電話番号が流出した場合の影響と対処法
電話番号が流出しているか調べる方法について投稿したところ、反響が大きかったのでその続きを書きます。
Contents
電話番号が流出した場合のリスクとは
電話番号のみが流出しているのであれば、それほど大きなリスクはありません。特に携帯電話の番号なんて、090始まりと080始まりが足らなくなって、070始まりの番号も携帯電話に割り当てられ始めたくらいなので、090-XXXX-XXXXや、080-XXXX-XXXXで適当に数字を入れれば、使われている電話番号がすぐヒットします。
なので、SMSのスパムメールが来たり、迷惑電話がかかってきたりしますよね。これらの受信は自分では防ぐのが難しいので、仕方ないです。
問題なのは、電話番号に加えて、他の情報もセットで流出している場合。例えば、氏名だったり、Eメールアドレスだったり、SNSアカウントだったり。
Webサービスのアカウントを乗っ取られるリスク
SNSを始めとするWebサービスの中には、電話番号がログインIDになっているものがあります。また、多要素認証でSMSを使うWebサービスや、パスワードリセットでSMSを使うWebサービスもあります。
もちろん、電話番号が流出しただけでは、アカウントを乗っ取られる可能性は低いでしょう。
でも、仮に、前回記事で紹介した「haveibeenpwned」で確認した結果、Facebookから電話番号とEメールアドレスと誕生日がセットで流出していることが分かったとします。どうでしょうか、だいぶアカウントを乗っ取られる可能性が高いと思いませんか?
もしSNSのアカウントを乗っ取られたらどうなるでしょうか?
あなたの友人やフォロワーに対して、詐欺DMを送りつけてお金を巻き上げようとしたり、あなたの代わりに不適切な投稿をされて、あなたの信用を下げることになるかもしれません。
一時期LINEが乗っ取られて、友人たちに「iTunesカードを5万円分購入して、コードを送信して」「ウェブマネーを5万円分購入して、コードを送信して」とLINEを送りまくるのが流行りました。
あなたはITリテラシーが高くて騙されないとしても、あなたがの友人たちは必ずしもそうとは限りません。お金を払ってしまう人もいるかもしれません。あなたの友人たちが被害に合わないよう、あなた自身が気をつけましょう。
電話番号自体を乗っ取られる可能性も
多要素認証だろうがパスワードリセットだろうが、「SMSを送信することができても、SMSを受信できる携帯電話は自分が持ってるから、安心じゃないの?」と思いますよね。

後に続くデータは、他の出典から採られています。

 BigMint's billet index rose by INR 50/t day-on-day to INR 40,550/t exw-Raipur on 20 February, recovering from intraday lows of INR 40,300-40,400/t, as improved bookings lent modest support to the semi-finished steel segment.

実は、電話番号自体を乗っ取られることもあるんです。勝手に携帯電話を解約され、MNPで他キャリアでその電話番号を利用され、銀行から1千万円を引き出された事件がありました。
MNPに限らず、「SIMカードを紛失した」などと言ってキャリア窓口へ行き、SIMカードの再発行をしてもらい、従来のSIMカードが無効化される事例もあります。

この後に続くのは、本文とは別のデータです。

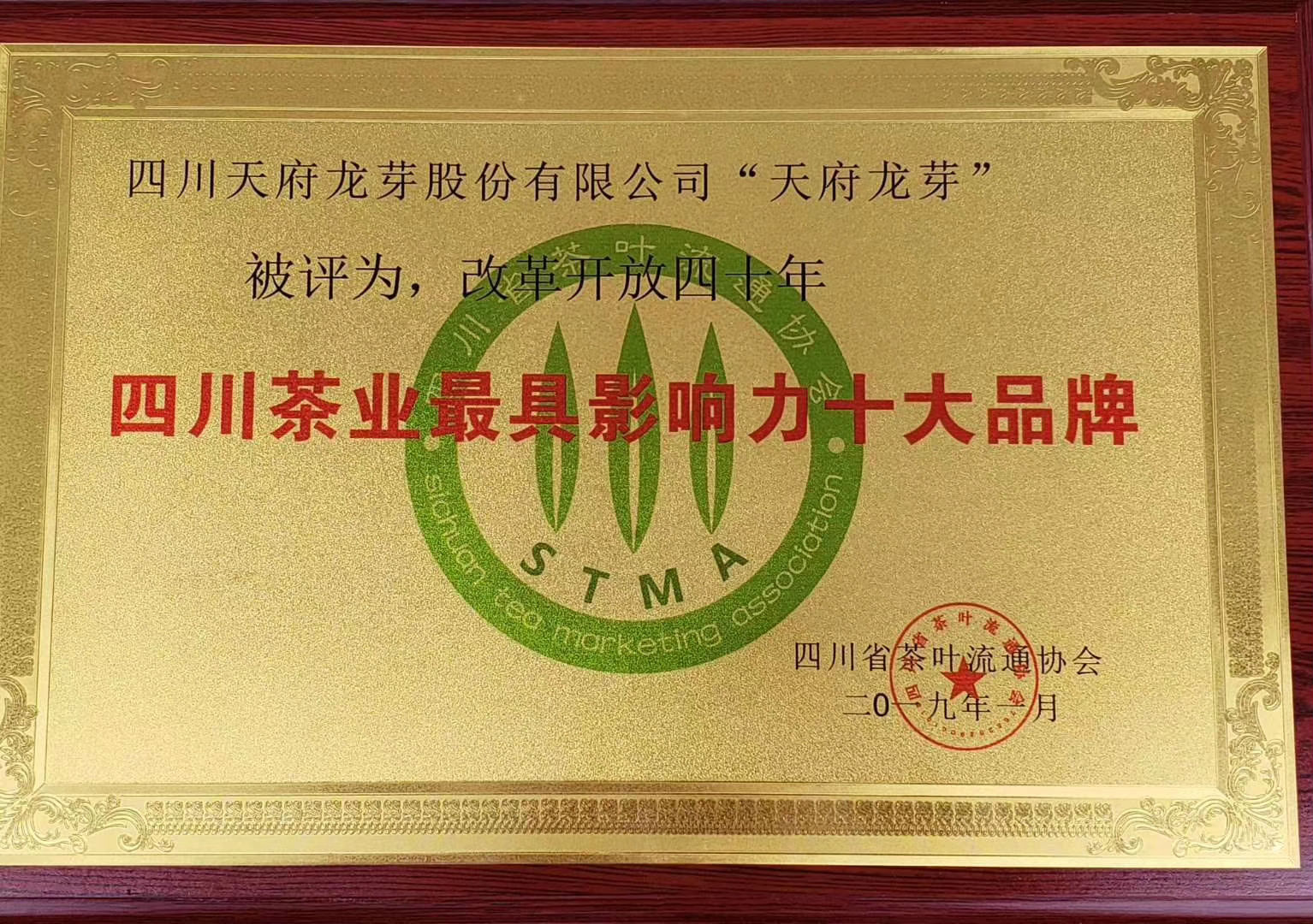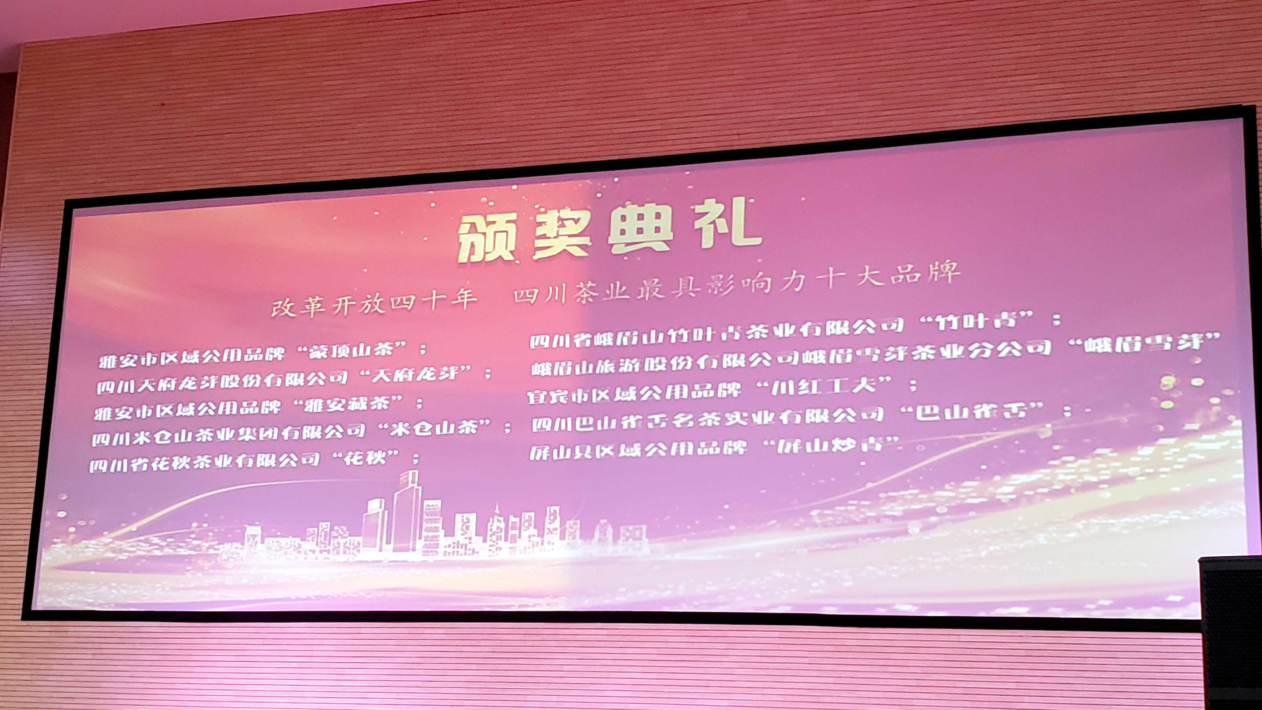 在现场进行的改革开放40年四川茶业表彰中,对四川茶业十大特色优势县、四川茶业十大优秀企业、四川茶业最具影响力十大优秀品牌、四川茶业最具发展潜力品牌、最具影响力茶叶市场、四川茶业终身成就奖、四川茶业突出贡献人物、四川茶业新锐人物等九个奖项进行了表彰。其中,四川天府龙芽股份有限公司的“天府龙芽”品牌荣获“四川茶业最具影响力十大优秀品牌”奖。

このような手法はSIMスワップもしくはSIMハイジャックと呼ばれる手口で、問題視されています。
そのため、多要素認証におけるSMS認証はセキュリティレベルが低いため、Twitterも(まずは無料アカウントだけですが)SMS認証を廃止しましたね。
電話番号が流出していたらどうすれば良いか
では、もし電話番号が流出していたらどうすれば良いのでしょうか。ベストなのは電話番号変更です。ただ、メールアドレスと違い、電話番号はなかなか変えられないという人も多いのではないでしょうか。
そんな場合に、Webサービスのアカウント乗っ取りリスクを小さくする方法を2つ紹介します。
(1) 多要素認証はSMS以外を選択
Webサービスによっては、Google AuthenticatorやMicrosoft Authenticatorなどの認証アプリを利用した多要素認証を利用することができます。SMS認証よりもセキュリティレベルが高いため、こちらの設定へ乗り換えましょう。

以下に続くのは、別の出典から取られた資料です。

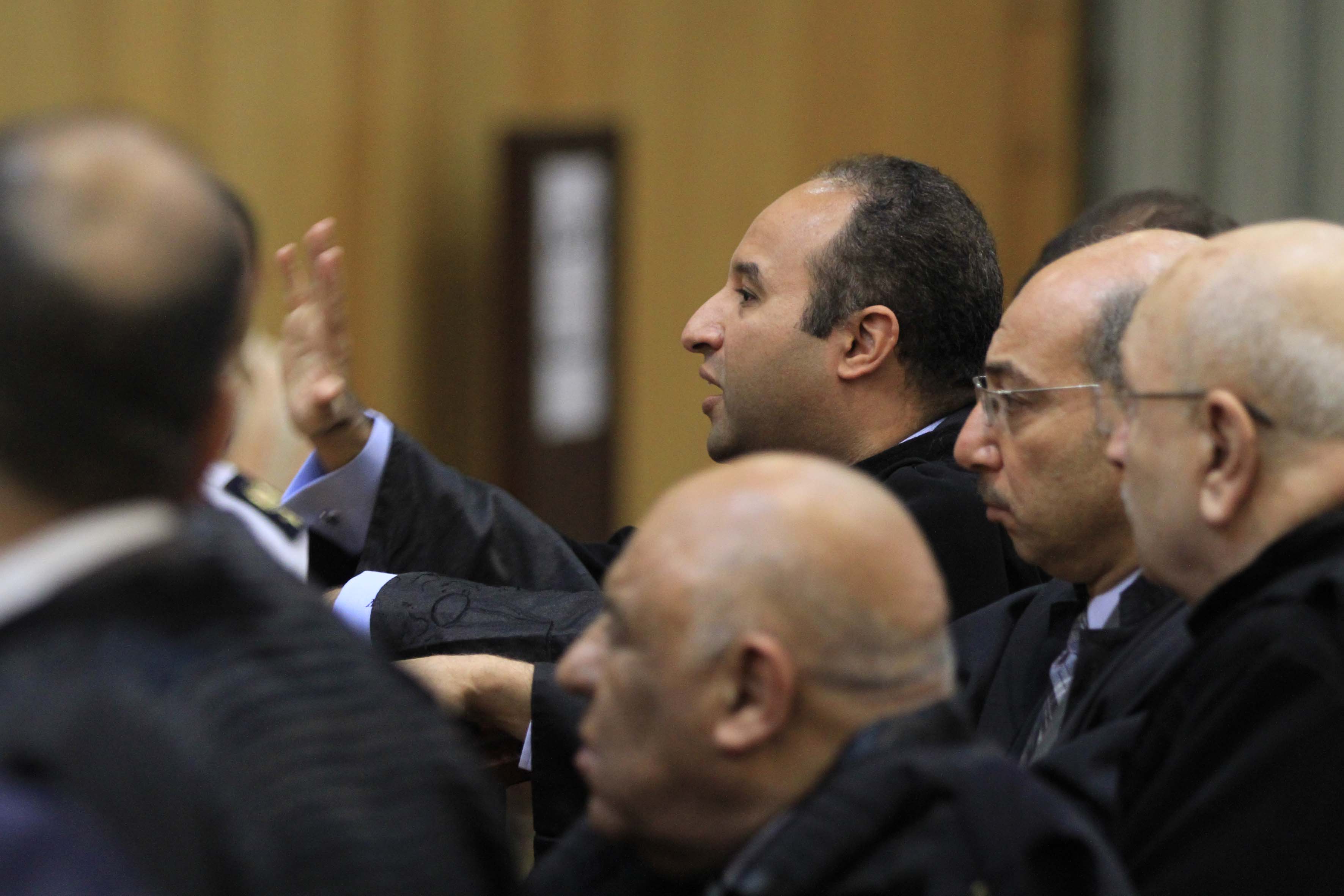 قضية التلاعب بالبورصة المتهم فيها علاء وجمال مبارك واخرين ومناقشات حادة بين محاميين المتهمين والشاهد الاول للقضية
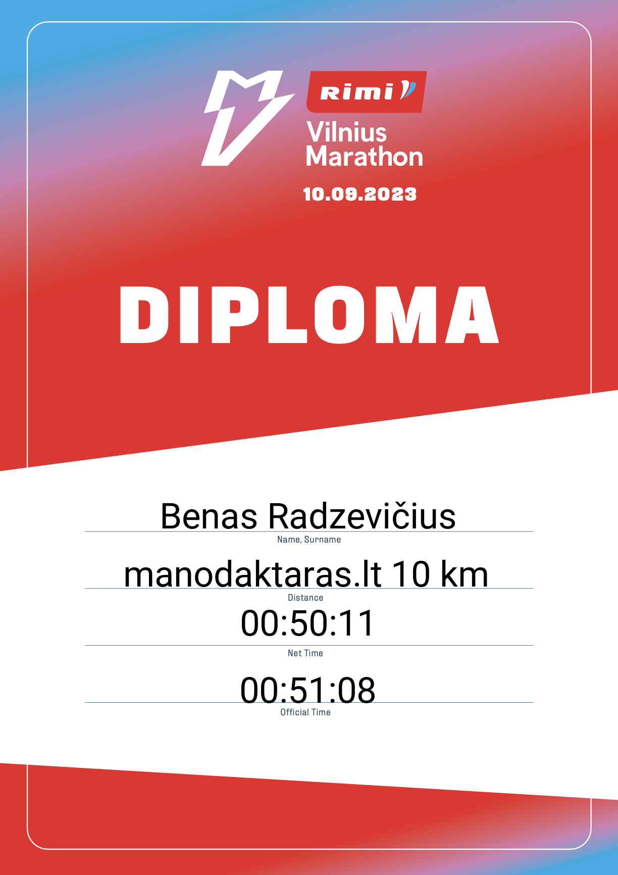 | 313 | Benas Radzevičius | Surfshark | 21957 | Lithuania | manodaktaras.lt 10 km | 00:51:08 | Diplomas |
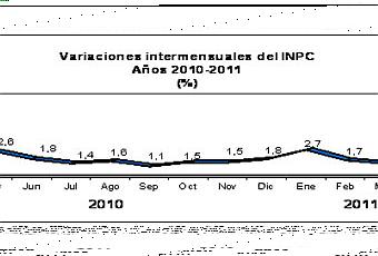 Con este resultado, la variación acumulada del INPC durante los primeros cuatro meses del año 2011 se ubica en 7,5%, muy por debajo de la observada en el mismo período del año 2010 (11,3%). Por su parte, la variación anualizada confirma la tendencia a la desaceleración, al situarse en 22,9%, la menor observada en los últimos 28 meses, desde que comenzó a elaborarse el índice de precios con cobertura nacional.

「従業員に認証アプリを用いた多要素認証の設定をさせたいが、やり方が分からない」
そんな方がいらっしゃいましたら、企業向けに有料サポートも行っておりますので、お気軽にご相談ください。(カテゴリーは「情報セキュリティについて相談したい」を選択願います)
(2) Eメールアドレスやパスワードを変更
SMS認証が必須になっているWebサービスもまだまだ多い印象です。そんなときは、Eメールアドレスやパスワードを変更するのがおすすめです。
ログインID(Eメールアドレス) + パスワード + SMS(電話番号)の3つの組み合わせでログインできるWebサービスの場合、この組み合わせの中から1つでも変えればログインできなくなりますので、アカウントを乗っ取られるリスクが下がりますよ。
最後までお読みいただきありがとうございました。